▸ **Instructions for the task**
Only one stretch of the data below should be repeated: the lines from the line containing "Yükseliş hareketiyle birlikte" through the line containing "MiT Software ofrece", inclusive, exactly as they are.

▸ **Given data**
◇ ◇ ◇ ◇

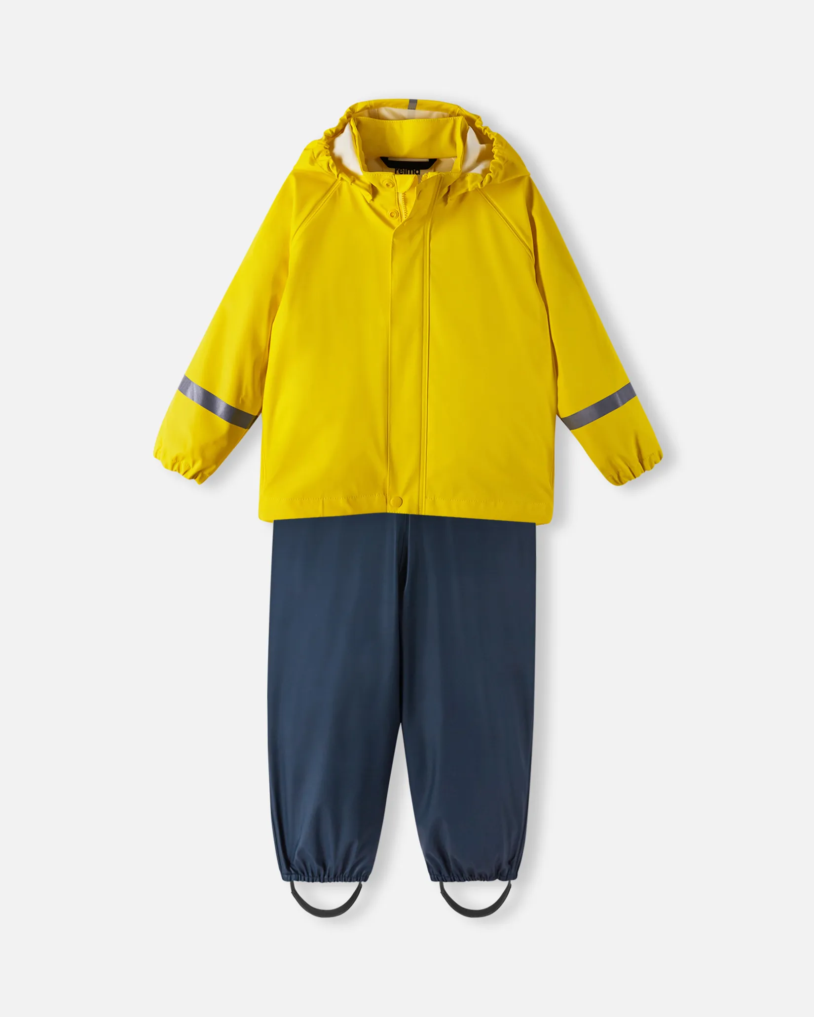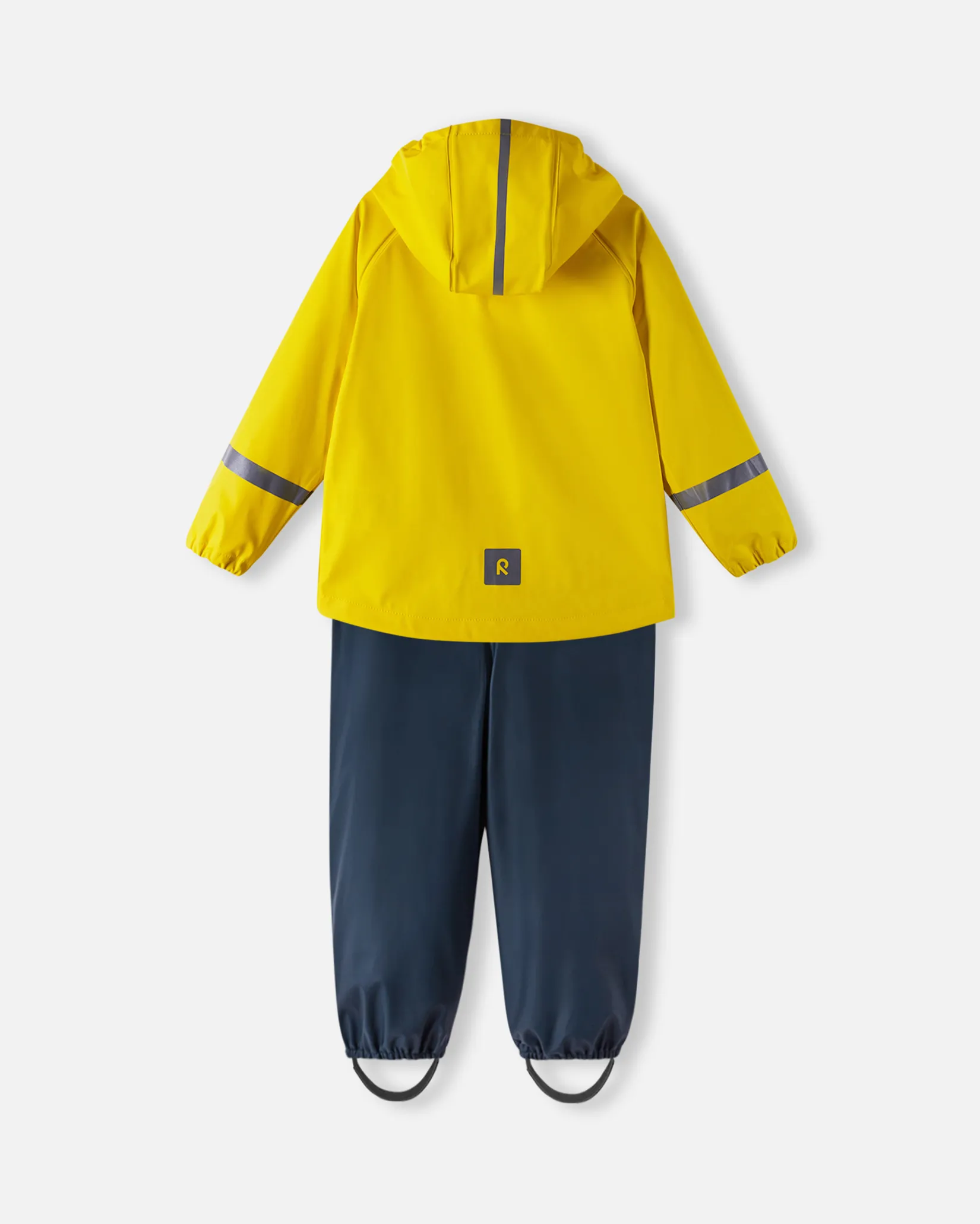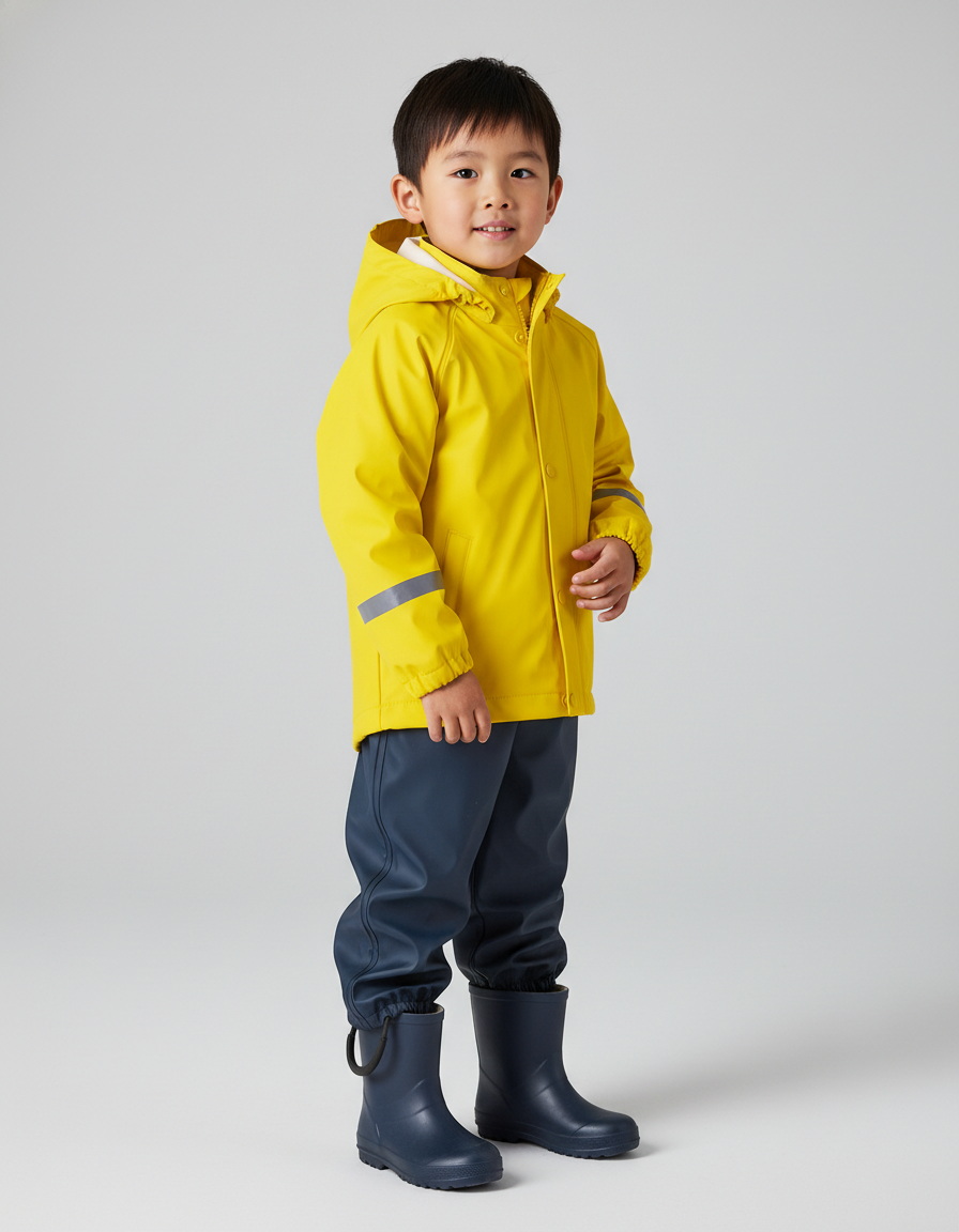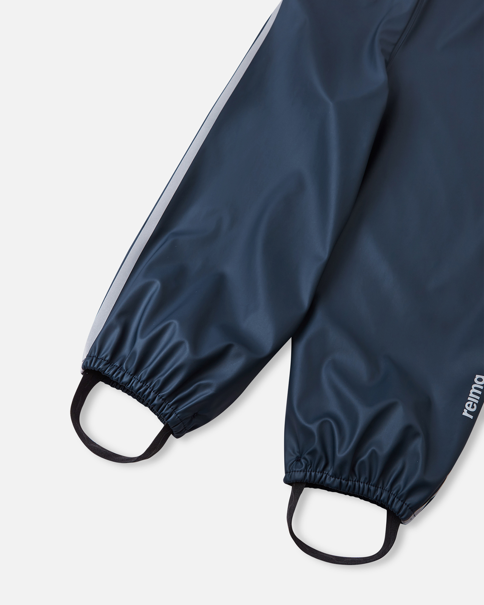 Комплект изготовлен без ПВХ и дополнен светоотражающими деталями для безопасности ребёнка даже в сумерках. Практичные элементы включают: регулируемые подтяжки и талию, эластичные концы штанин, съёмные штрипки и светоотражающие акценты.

◇ ◇ ◇ ◇

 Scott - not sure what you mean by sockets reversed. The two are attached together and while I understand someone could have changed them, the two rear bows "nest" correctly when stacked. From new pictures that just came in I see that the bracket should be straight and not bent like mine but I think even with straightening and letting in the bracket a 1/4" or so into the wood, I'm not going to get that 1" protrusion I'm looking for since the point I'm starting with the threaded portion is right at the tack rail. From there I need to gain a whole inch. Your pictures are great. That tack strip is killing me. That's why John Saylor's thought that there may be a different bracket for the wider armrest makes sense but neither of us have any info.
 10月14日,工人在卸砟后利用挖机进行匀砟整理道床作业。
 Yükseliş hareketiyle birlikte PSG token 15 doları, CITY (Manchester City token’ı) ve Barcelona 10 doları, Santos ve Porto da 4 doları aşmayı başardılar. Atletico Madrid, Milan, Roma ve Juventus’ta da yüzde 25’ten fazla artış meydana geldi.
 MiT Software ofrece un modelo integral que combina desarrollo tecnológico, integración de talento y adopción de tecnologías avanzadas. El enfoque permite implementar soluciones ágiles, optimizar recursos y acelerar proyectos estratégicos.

◇ ◇ ◇ ◇

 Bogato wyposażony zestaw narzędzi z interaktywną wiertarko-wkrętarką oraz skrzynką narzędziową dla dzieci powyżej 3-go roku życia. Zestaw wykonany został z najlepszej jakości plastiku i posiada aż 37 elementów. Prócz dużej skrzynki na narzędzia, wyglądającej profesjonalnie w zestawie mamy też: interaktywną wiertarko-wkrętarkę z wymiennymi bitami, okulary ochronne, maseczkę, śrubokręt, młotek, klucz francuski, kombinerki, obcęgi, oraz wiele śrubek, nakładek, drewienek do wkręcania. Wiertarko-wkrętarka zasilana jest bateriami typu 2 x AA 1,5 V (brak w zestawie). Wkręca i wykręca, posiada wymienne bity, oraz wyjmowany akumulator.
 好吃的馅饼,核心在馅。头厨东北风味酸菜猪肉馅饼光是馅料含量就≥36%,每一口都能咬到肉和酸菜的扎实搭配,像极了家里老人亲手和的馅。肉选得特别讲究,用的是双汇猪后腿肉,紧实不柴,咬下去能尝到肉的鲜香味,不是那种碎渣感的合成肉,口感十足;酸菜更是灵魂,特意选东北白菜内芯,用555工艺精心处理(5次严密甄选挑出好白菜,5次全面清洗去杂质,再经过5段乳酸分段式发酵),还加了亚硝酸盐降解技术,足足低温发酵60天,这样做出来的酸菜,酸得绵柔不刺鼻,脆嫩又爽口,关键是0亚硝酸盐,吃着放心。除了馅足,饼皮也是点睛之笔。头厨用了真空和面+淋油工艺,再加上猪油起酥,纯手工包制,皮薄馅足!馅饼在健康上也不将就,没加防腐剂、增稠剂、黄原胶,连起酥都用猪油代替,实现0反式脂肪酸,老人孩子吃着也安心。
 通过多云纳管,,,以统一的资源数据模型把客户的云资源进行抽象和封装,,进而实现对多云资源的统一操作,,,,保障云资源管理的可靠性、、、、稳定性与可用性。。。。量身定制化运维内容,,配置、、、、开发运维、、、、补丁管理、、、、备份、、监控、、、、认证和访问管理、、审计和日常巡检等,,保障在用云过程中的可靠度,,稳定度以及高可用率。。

◇ ◇ ◇ ◇

▸ **Task response**
 Yükseliş hareketiyle birlikte PSG token 15 doları, CITY (Manchester City token’ı) ve Barcelona 10 doları, Santos ve Porto da 4 doları aşmayı başardılar. Atletico Madrid, Milan, Roma ve Juventus’ta da yüzde 25’ten fazla artış meydana geldi.
 MiT Software ofrece un modelo integral que combina desarrollo tecnológico, integración de talento y adopción de tecnologías avanzadas. El enfoque permite implementar soluciones ágiles, optimizar recursos y acelerar proyectos estratégicos.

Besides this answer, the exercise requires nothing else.